## How to complete this task
Reproduce the listing below exactly, minus its pictures.

## Provided material
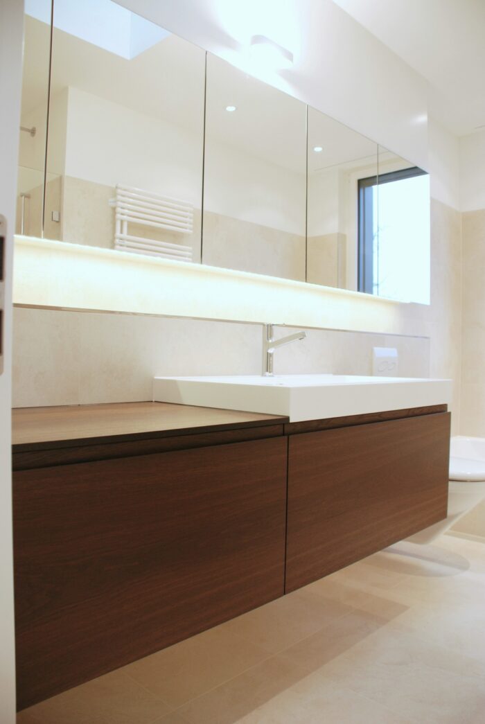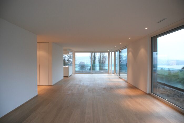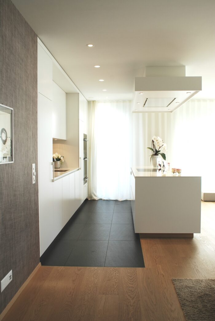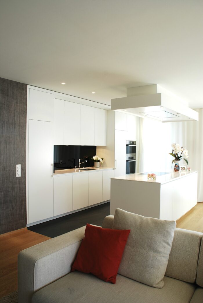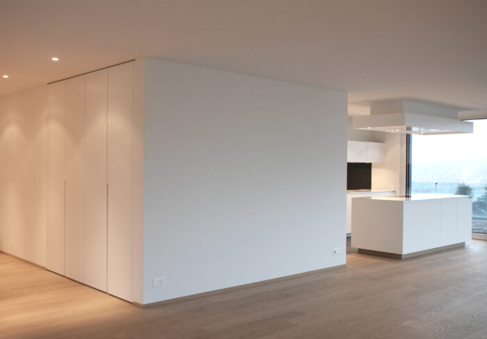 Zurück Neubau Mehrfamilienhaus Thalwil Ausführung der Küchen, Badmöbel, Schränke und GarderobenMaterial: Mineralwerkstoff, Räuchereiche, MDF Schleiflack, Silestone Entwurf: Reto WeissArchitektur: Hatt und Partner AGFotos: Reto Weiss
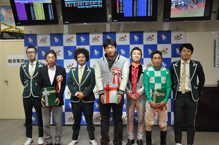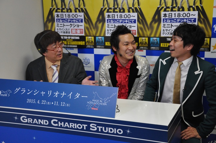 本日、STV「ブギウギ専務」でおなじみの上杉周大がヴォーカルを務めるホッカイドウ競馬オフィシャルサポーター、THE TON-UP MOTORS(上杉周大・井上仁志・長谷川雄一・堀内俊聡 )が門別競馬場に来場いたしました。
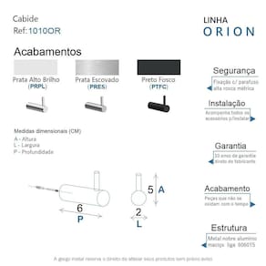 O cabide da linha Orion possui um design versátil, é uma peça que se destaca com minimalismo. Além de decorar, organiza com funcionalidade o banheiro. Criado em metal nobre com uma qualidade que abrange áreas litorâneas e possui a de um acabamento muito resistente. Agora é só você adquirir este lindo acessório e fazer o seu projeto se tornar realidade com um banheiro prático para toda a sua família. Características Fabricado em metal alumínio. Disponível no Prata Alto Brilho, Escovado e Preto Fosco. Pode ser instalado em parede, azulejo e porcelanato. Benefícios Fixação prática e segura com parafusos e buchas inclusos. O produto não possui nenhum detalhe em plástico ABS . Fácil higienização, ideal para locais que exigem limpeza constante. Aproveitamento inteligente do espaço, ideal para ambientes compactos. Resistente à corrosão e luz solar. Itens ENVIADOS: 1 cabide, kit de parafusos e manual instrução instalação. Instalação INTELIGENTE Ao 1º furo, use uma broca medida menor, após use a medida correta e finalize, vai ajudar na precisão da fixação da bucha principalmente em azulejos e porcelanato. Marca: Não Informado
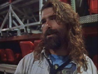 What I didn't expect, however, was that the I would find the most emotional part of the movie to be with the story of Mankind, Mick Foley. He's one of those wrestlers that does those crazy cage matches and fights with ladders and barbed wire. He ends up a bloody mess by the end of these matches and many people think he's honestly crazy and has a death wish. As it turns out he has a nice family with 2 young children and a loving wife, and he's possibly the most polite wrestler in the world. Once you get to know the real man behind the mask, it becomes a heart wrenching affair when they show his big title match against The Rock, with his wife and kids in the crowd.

## Final answer
 Zurück Neubau Mehrfamilienhaus Thalwil Ausführung der Küchen, Badmöbel, Schränke und GarderobenMaterial: Mineralwerkstoff, Räuchereiche, MDF Schleiflack, Silestone Entwurf: Reto WeissArchitektur: Hatt und Partner AGFotos: Reto Weiss
 本日、STV「ブギウギ専務」でおなじみの上杉周大がヴォーカルを務めるホッカイドウ競馬オフィシャルサポーター、THE TON-UP MOTORS(上杉周大・井上仁志・長谷川雄一・堀内俊聡 )が門別競馬場に来場いたしました。
 O cabide da linha Orion possui um design versátil, é uma peça que se destaca com minimalismo. Além de decorar, organiza com funcionalidade o banheiro. Criado em metal nobre com uma qualidade que abrange áreas litorâneas e possui a de um acabamento muito resistente. Agora é só você adquirir este lindo acessório e fazer o seu projeto se tornar realidade com um banheiro prático para toda a sua família. Características Fabricado em metal alumínio. Disponível no Prata Alto Brilho, Escovado e Preto Fosco. Pode ser instalado em parede, azulejo e porcelanato. Benefícios Fixação prática e segura com parafusos e buchas inclusos. O produto não possui nenhum detalhe em plástico ABS . Fácil higienização, ideal para locais que exigem limpeza constante. Aproveitamento inteligente do espaço, ideal para ambientes compactos. Resistente à corrosão e luz solar. Itens ENVIADOS: 1 cabide, kit de parafusos e manual instrução instalação. Instalação INTELIGENTE Ao 1º furo, use uma broca medida menor, após use a medida correta e finalize, vai ajudar na precisão da fixação da bucha principalmente em azulejos e porcelanato. Marca: Não Informado
 What I didn't expect, however, was that the I would find the most emotional part of the movie to be with the story of Mankind, Mick Foley. He's one of those wrestlers that does those crazy cage matches and fights with ladders and barbed wire. He ends up a bloody mess by the end of these matches and many people think he's honestly crazy and has a death wish. As it turns out he has a nice family with 2 young children and a loving wife, and he's possibly the most polite wrestler in the world. Once you get to know the real man behind the mask, it becomes a heart wrenching affair when they show his big title match against The Rock, with his wife and kids in the crowd.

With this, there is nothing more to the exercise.